◆ Recorded data

= Beginning of Section =

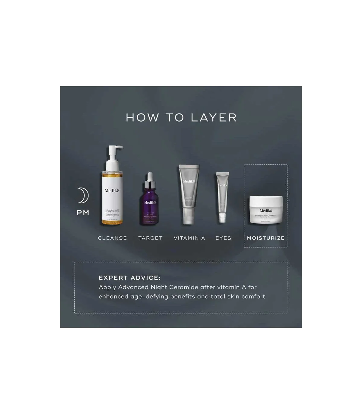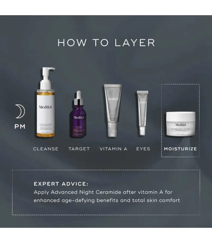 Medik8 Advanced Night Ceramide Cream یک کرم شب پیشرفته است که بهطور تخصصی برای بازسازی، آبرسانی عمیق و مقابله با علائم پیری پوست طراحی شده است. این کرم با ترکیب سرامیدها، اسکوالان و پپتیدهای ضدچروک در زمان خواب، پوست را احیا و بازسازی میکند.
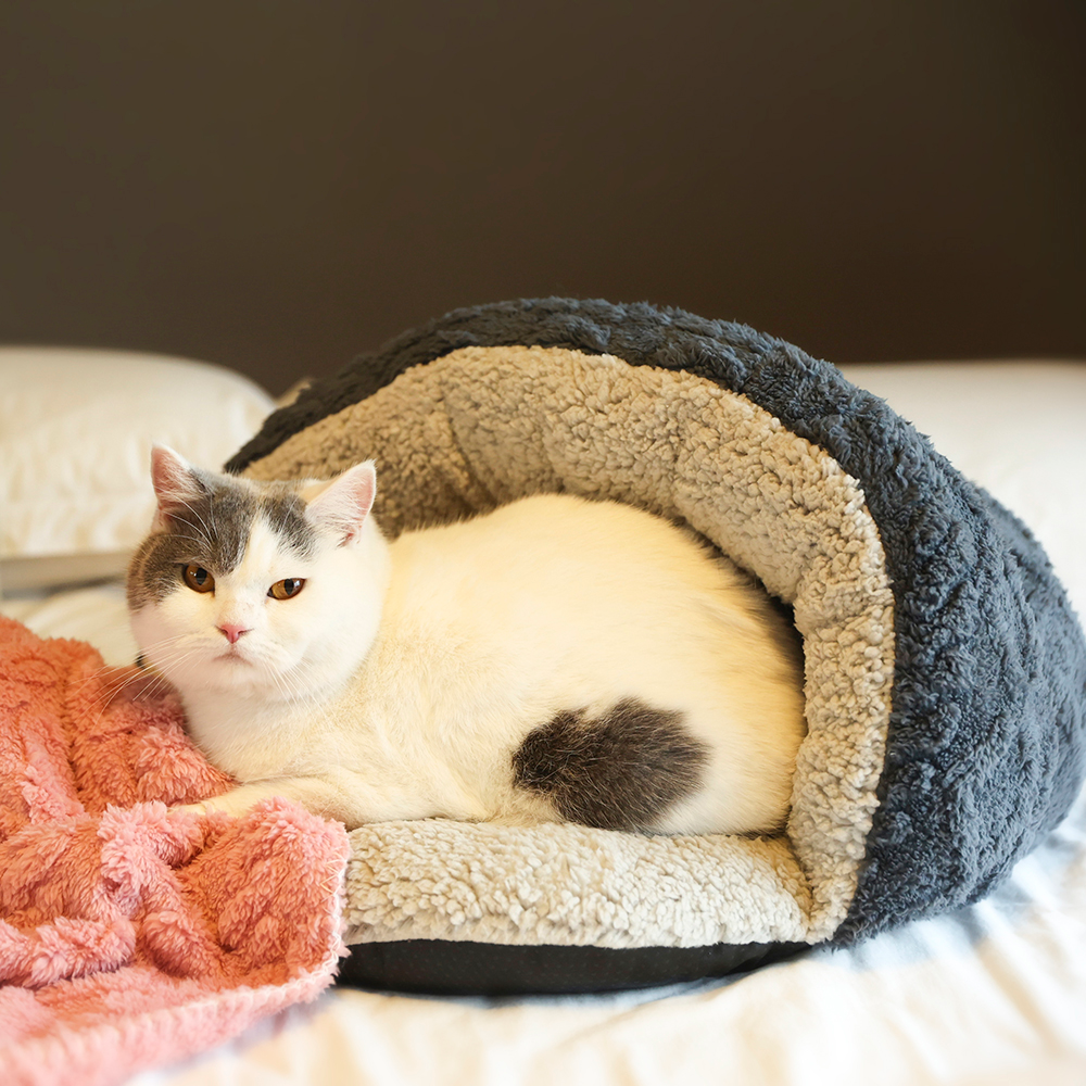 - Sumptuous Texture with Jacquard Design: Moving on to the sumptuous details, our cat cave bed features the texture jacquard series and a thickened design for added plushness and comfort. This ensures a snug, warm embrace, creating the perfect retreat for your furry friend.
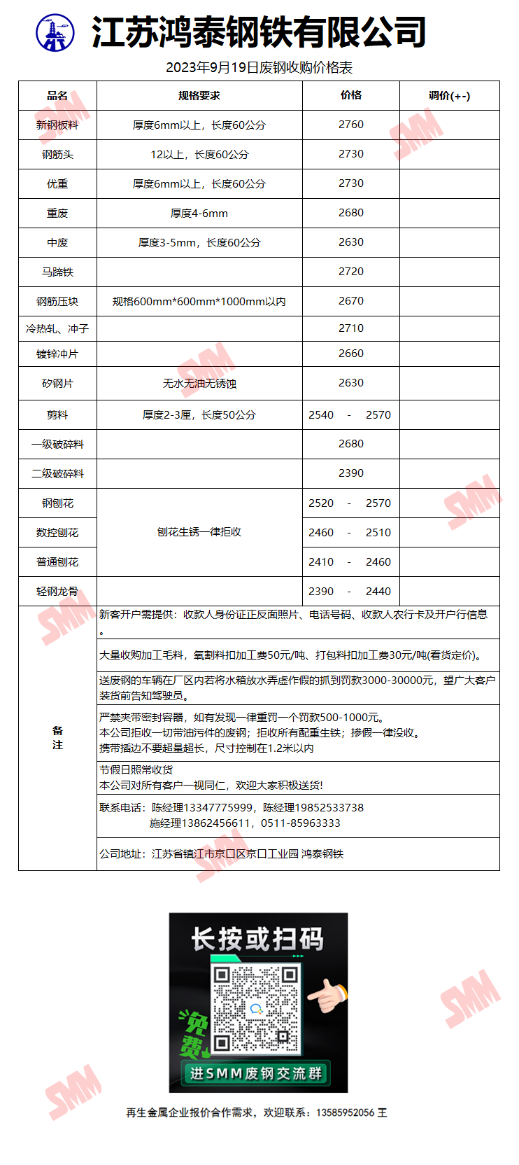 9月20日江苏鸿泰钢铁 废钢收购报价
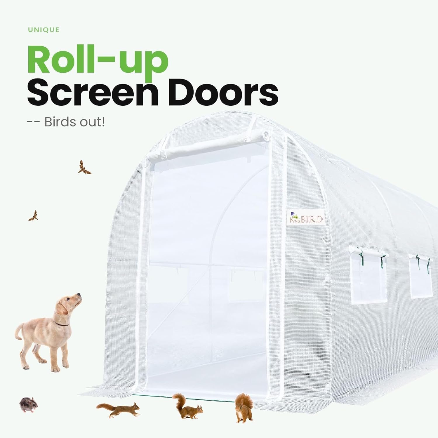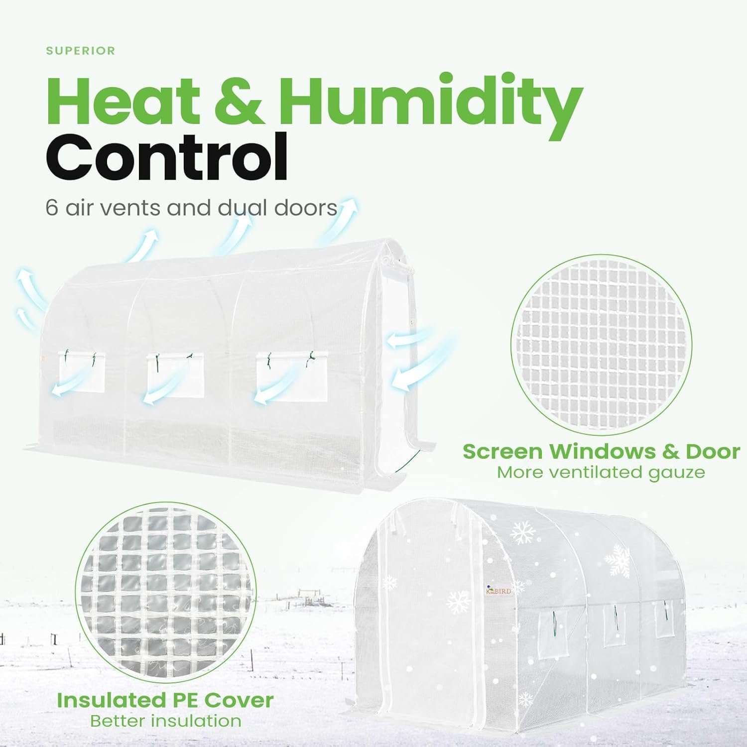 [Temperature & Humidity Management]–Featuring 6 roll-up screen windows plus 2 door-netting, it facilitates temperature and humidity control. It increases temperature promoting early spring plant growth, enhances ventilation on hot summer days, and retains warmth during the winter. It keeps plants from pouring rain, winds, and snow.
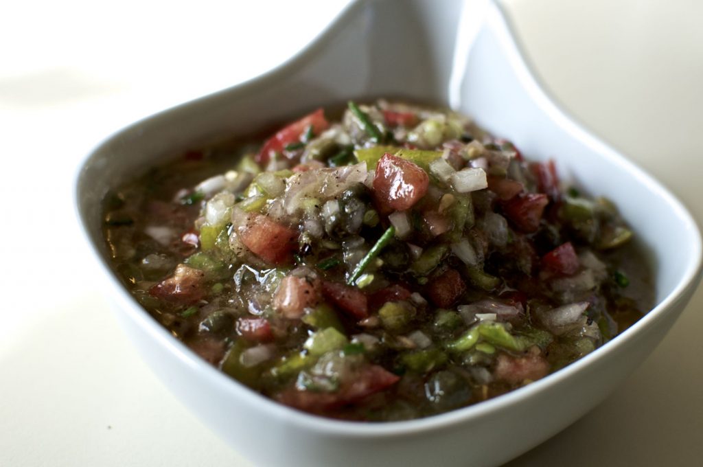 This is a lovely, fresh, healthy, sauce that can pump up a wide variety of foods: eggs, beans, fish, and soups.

= End of Section =
= Beginning of Section =

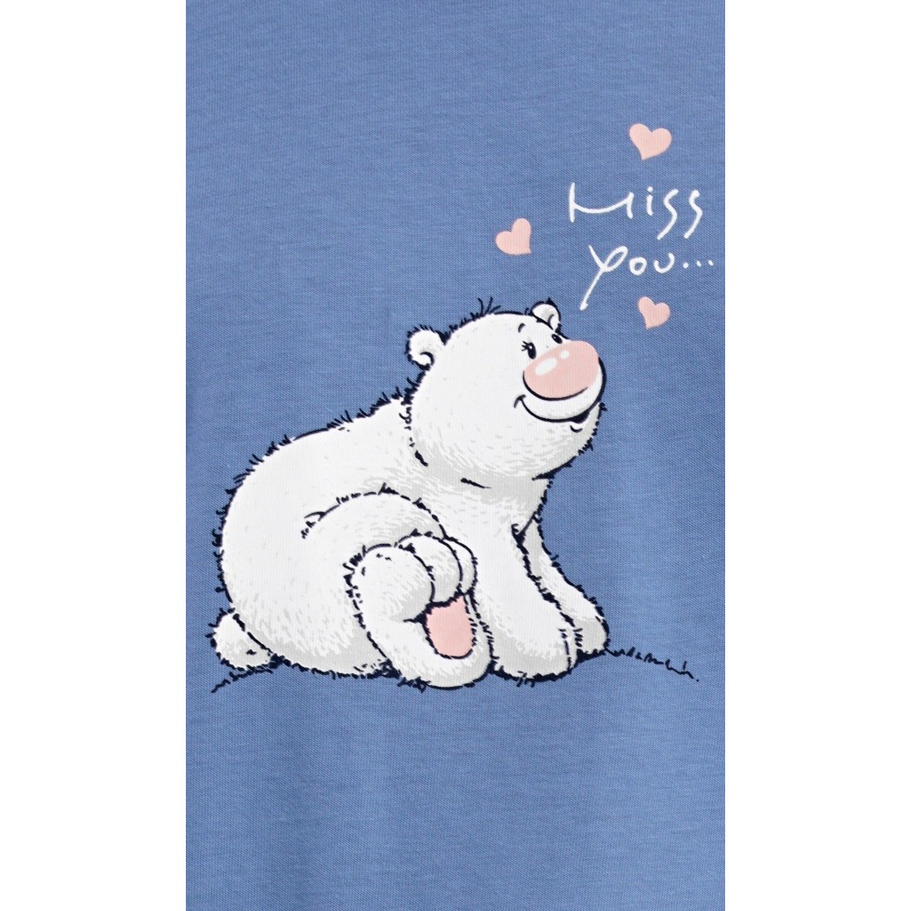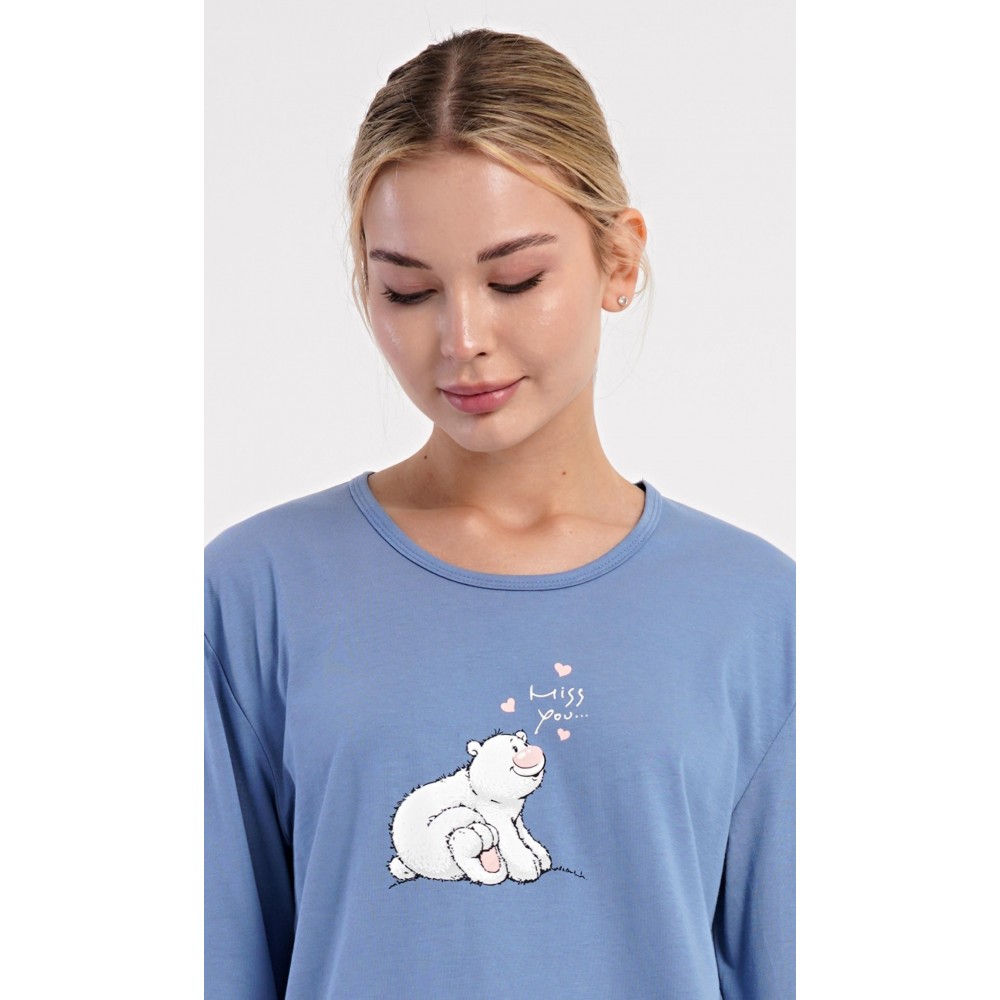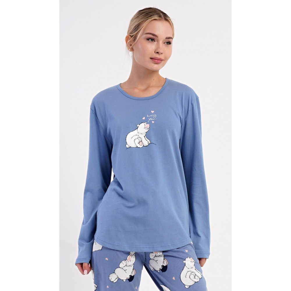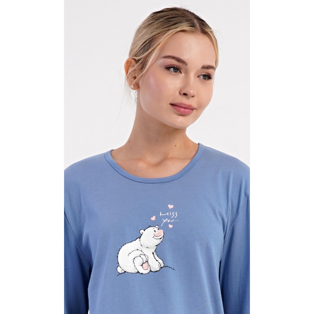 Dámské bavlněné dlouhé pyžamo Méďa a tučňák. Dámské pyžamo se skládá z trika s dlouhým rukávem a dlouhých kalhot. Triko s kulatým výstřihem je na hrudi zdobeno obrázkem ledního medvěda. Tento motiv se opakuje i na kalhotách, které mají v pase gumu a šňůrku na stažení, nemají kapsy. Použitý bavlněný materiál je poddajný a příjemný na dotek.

= End of Section =
= Beginning of Section =

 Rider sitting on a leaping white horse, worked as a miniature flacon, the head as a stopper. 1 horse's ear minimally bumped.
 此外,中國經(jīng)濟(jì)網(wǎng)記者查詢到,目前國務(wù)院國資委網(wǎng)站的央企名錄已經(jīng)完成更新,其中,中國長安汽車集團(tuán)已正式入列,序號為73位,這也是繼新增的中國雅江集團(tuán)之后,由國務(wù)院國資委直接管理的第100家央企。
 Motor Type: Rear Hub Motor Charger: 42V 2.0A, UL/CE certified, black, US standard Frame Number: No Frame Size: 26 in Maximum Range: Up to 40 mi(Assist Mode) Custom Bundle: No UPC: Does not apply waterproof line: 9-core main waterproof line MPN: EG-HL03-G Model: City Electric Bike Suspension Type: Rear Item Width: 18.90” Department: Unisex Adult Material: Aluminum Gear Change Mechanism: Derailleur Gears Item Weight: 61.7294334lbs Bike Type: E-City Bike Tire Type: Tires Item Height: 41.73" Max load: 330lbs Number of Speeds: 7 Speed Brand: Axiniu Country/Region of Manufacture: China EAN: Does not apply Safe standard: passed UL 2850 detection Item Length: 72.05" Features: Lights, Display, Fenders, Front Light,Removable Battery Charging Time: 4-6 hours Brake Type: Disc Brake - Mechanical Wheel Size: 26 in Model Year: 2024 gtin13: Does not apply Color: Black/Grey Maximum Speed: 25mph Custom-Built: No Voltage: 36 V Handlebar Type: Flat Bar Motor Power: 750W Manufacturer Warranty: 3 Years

= End of Section =

◆ Assignment
Starting at the line with "Medik8 Advanced Night" in the entries above, write out every line exactly until the line with "9月20日江苏鸿泰钢铁 废钢收购报价" has been written. Include no pictures and nothing more.

◆ Task solution
 Medik8 Advanced Night Ceramide Cream یک کرم شب پیشرفته است که بهطور تخصصی برای بازسازی، آبرسانی عمیق و مقابله با علائم پیری پوست طراحی شده است. این کرم با ترکیب سرامیدها، اسکوالان و پپتیدهای ضدچروک در زمان خواب، پوست را احیا و بازسازی میکند.
 - Sumptuous Texture with Jacquard Design: Moving on to the sumptuous details, our cat cave bed features the texture jacquard series and a thickened design for added plushness and comfort. This ensures a snug, warm embrace, creating the perfect retreat for your furry friend.
 9月20日江苏鸿泰钢铁 废钢收购报价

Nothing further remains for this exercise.